Встречными струями текли такси, трамваи, автобусы; мальчишки в них юлили – мчали ящики на трехколесках, фартуки мотались белым, синим; громыхали грузно грузовики; громадные подводы шли за богатырскими конями-чудом, в сияньи меди, в бляхах, в звоне, в грохоте и дрожи мостовой, под дребезжанье стекол. Крылатые ажаны-франты, черноусые румяные красавцы, властно грозили белой скалкой, давали знаки, как дирижеры этого оркестра-гона. Блеклыми огнями хрустально золотились, зеленели, розово светились на углах карнизы синема, – забыли потушить их, что ли, или на огонь так щедры? Влажные цветы, в корзинах, на столиках, с тележек, – сияли утром, розовой гвоздикой, золотым нарциссом, снежным, бархатной фиалкой сладкой, ветками сирени, давно забытой, говорившей сердцу. Так все было светло, так упоительно ласкало, после черной шахты, после годов метанья. В глазах мелькало, звало.
Бураев натыкался на прохожих.
– A… pardon!..
То и дело слышал:
– Tiens, un cosaque!..
– Lа doit etre numero celui-la!
– Ah, quel beau gaillard!..
Бураев знал язык не хуже этих, понимал все шутки, все усмешки:
– Ce garcon-ci en a vu de toutes les couleurs!
– Ces cosaques-vagabonds qui battent nos paves!..

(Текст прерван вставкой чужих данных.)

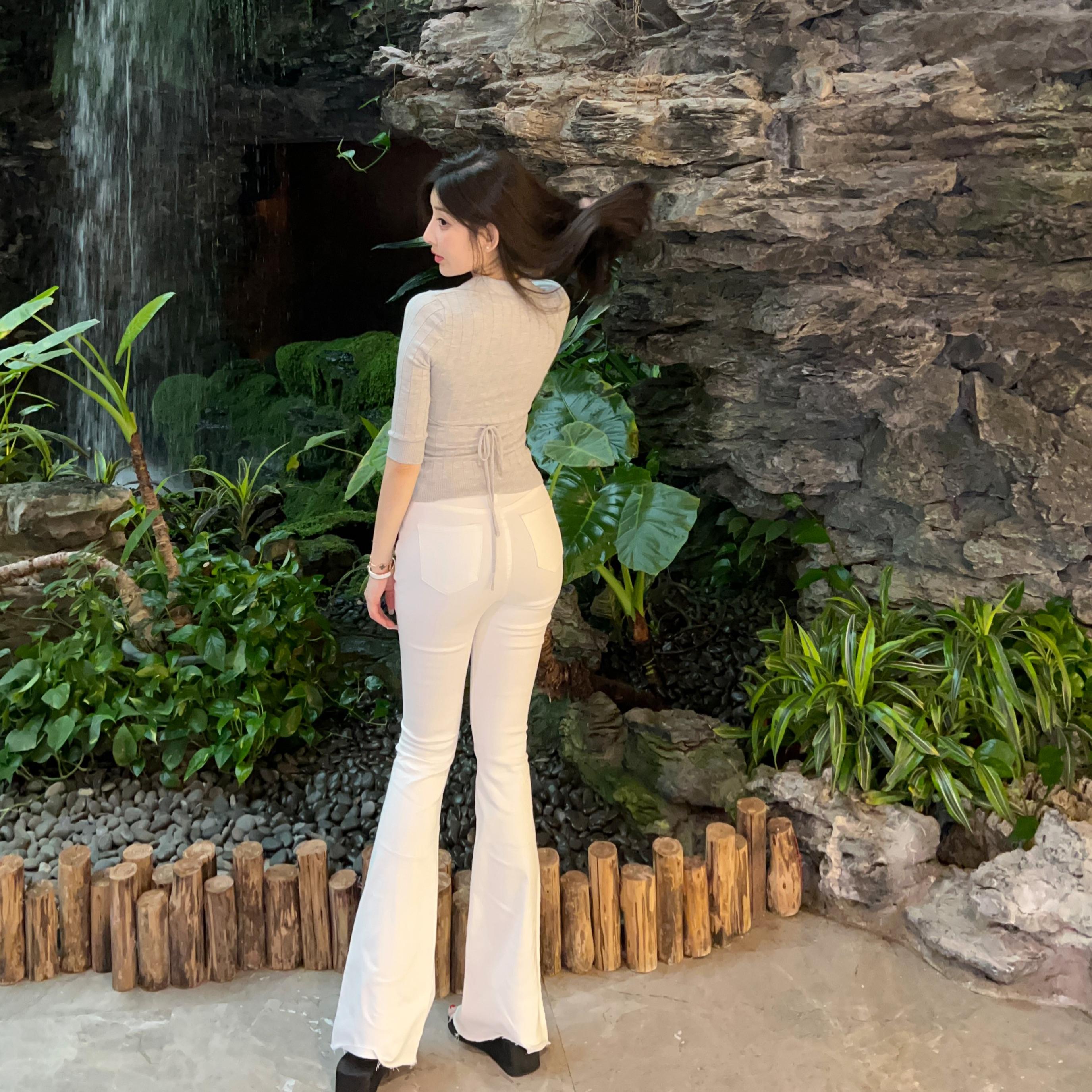 希野逸儿/韩系江南美人显腿长百搭白色拉链包臀高腰喇叭长裤女

Шли навстречу, засматривали сбоку, снизу, – он был высокой, – текли, мелькали. Он проявлялся на витринах, на зеркальцах – полосках. Прыгала его кубанка по шелкам, по тортам; потертая его черкеска проплывала по эталяжам кружев, цветов, сверканий, мазала полами. Струились мимо подкрашенные губы, подведенные глаза, улыбки, зубки, – он их давно не видел! – розовые лица в пудре, открытые апрелю шеи, ямочки на подбородках, щечках, в смехе; бойкие глаза модисток, каблучки, общелкнутые бедра, подолы, подвязки, раздетые чулочным шелком ноги, картонки в пляске, котелки, усы, солдаты голубые, молодчики у лавок; нежного салата груды, поленья-хлебы, подмостки с пусто-глазыми сырами, с россыпью яиц, ракушек, розовых креветок; пахнущие морем рыбы в травке, румяные лангусты, апельсины, финики, ряды куриных лапок, лимонно-желтых, мяс& на кружевной бумаге, в бантах; сырки, сардинки, мандарины, фиги, бутылки всякие… – в глазах рябило. За зеркалами стен – гостиные с коврами, камины, канделябры, лампы. Девственные дамы полулежали на кушетках, держали чашечки, отставив пальчик, устремивши взгляд на кончик туфли, на потолок, на плечико соседки; стояли томно у камина, откинув шейку, разглядывая на плече повязку, закинув руки, вытянув в шикарном жесте, – все – в прозрачных платьях, в сквозных рубашечках, все – с голыми плечами, голыми ногами, голыми – чем можно, показывали бедра, груди, комбинезоны, икры, мягкие корсеты, ляжки, – ласкали, привлекали. Спальни манили тишиной уюта, сладкой силой, мощностью кровати, ее раздольем, приглашали возлечь на шелке, на кружевах, на плюше розовато-серебристом; светились полусветом, голубоватой, розоватой тайной…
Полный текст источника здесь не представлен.